# Problem:
Without copying any picture, transcribe exactly the lines of the data below from the one containing "Westliche Honigbiene auf" through the one containing "Decal Style Vinyl".

# Data provided:

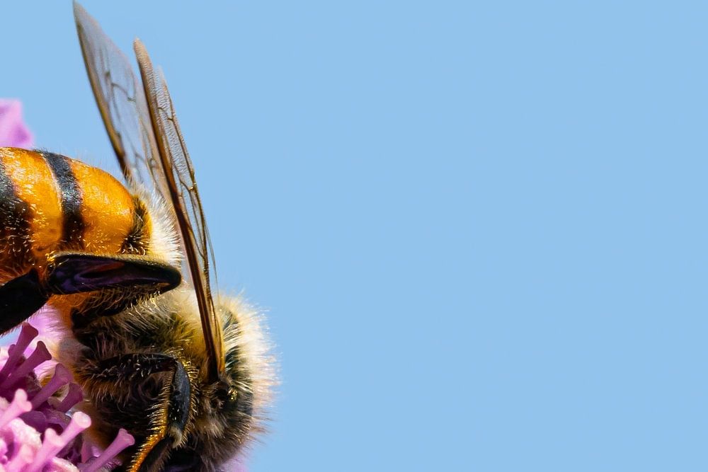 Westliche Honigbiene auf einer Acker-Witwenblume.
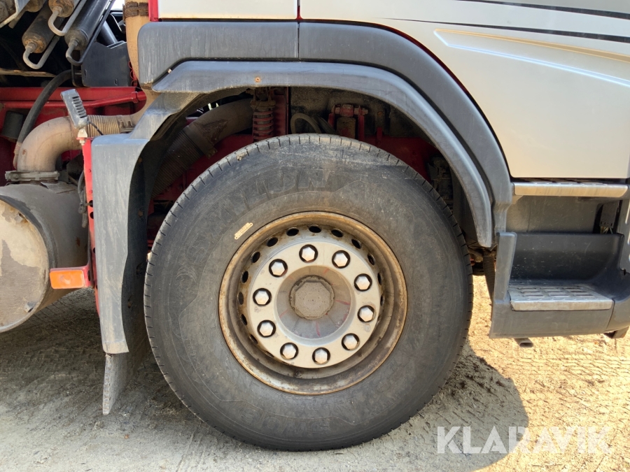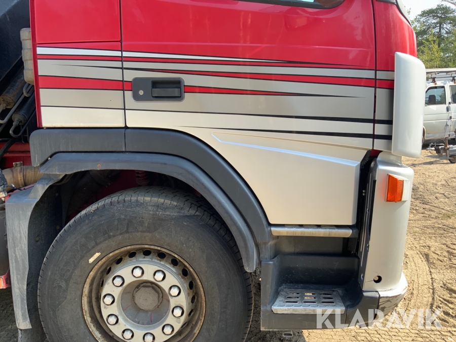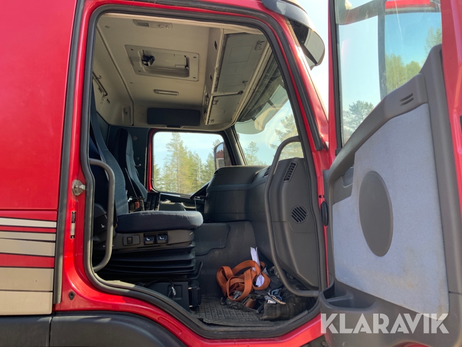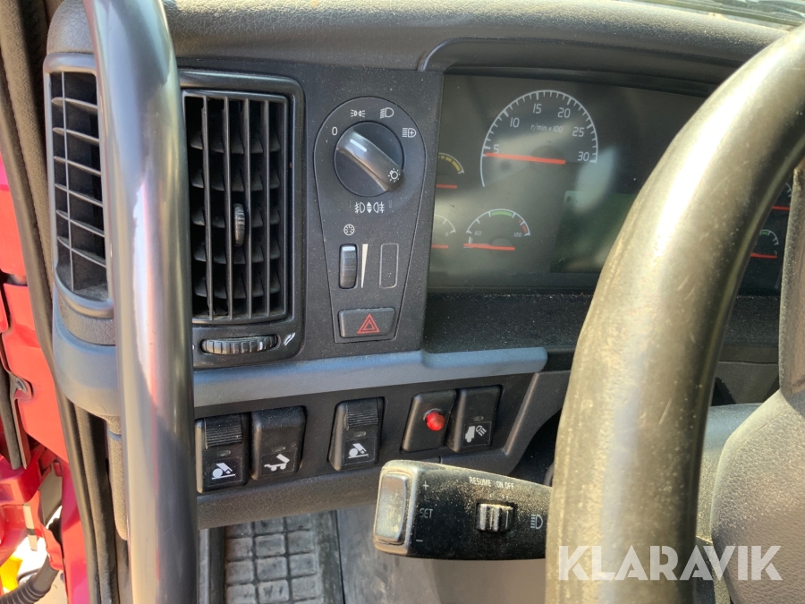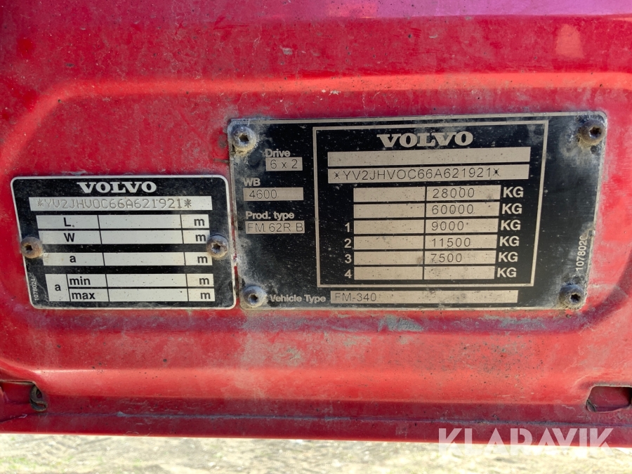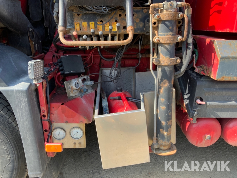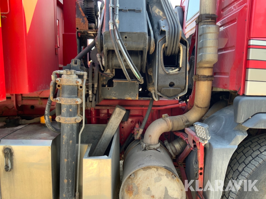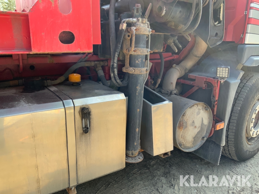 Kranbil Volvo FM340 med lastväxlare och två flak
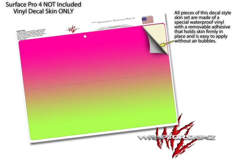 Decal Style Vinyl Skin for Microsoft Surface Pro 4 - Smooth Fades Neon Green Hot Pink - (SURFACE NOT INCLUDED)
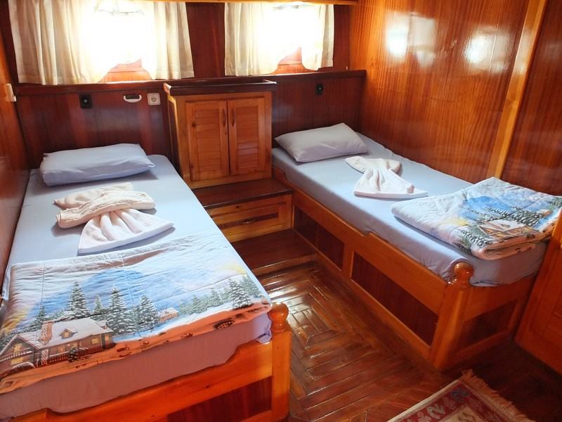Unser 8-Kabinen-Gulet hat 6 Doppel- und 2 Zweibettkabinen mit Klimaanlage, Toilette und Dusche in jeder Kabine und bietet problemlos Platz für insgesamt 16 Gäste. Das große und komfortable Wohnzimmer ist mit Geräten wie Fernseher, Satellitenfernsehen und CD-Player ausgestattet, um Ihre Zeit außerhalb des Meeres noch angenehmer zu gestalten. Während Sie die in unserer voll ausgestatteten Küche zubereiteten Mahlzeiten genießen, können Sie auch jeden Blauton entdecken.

==

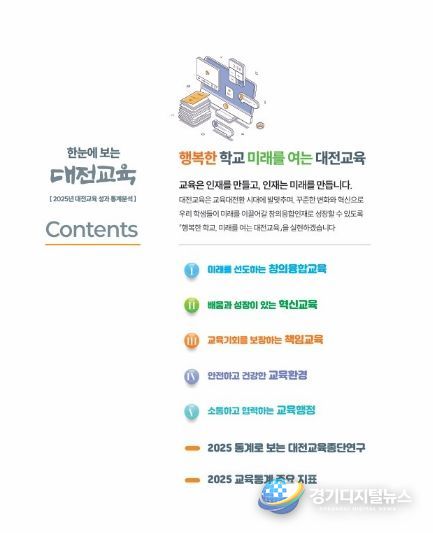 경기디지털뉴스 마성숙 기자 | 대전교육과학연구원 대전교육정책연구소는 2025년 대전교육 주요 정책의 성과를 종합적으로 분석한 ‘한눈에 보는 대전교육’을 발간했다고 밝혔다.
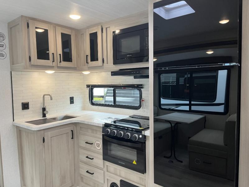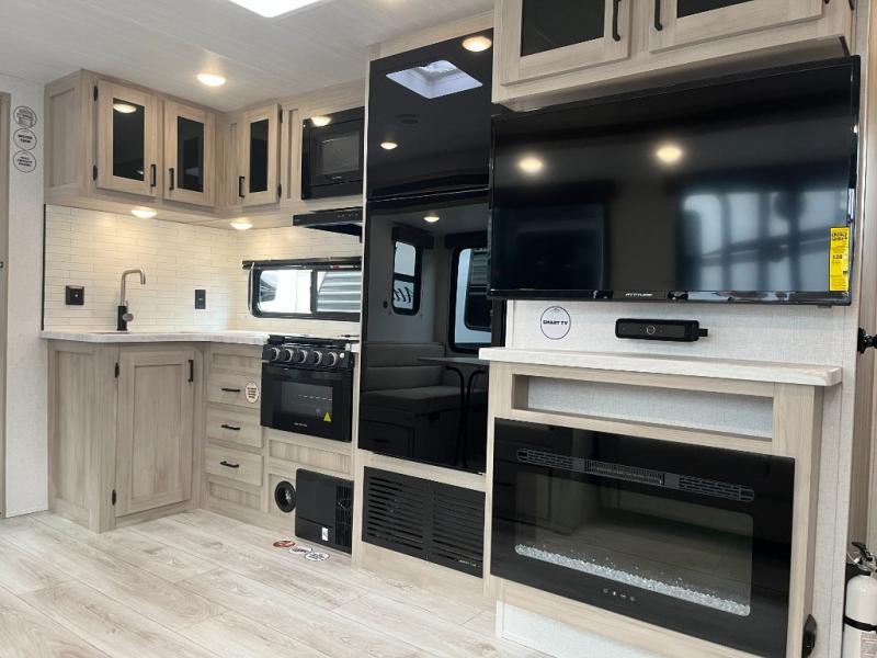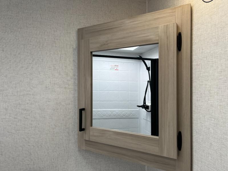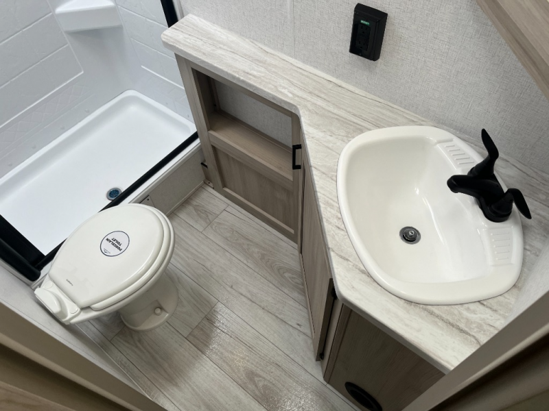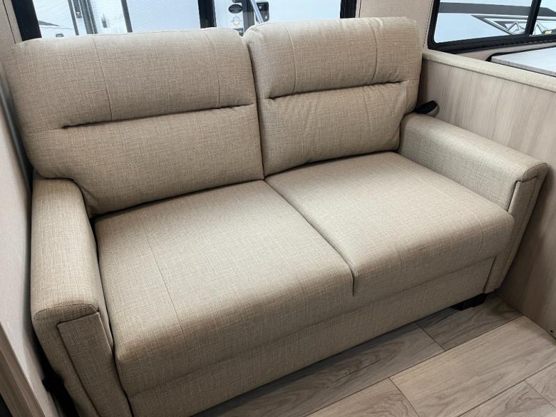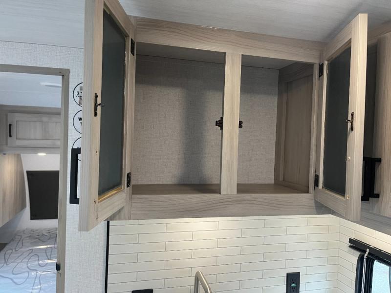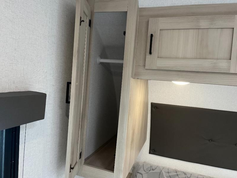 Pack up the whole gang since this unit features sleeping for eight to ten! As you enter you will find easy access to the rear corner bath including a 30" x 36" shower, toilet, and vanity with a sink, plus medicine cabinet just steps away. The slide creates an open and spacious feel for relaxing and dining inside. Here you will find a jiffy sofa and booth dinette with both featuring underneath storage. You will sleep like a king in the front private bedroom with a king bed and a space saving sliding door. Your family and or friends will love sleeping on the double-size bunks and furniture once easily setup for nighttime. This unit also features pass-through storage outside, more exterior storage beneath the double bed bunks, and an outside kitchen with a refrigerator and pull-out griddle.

# Solved problem:
 Westliche Honigbiene auf einer Acker-Witwenblume.
 Kranbil Volvo FM340 med lastväxlare och två flak
 Decal Style Vinyl Skin for Microsoft Surface Pro 4 - Smooth Fades Neon Green Hot Pink - (SURFACE NOT INCLUDED)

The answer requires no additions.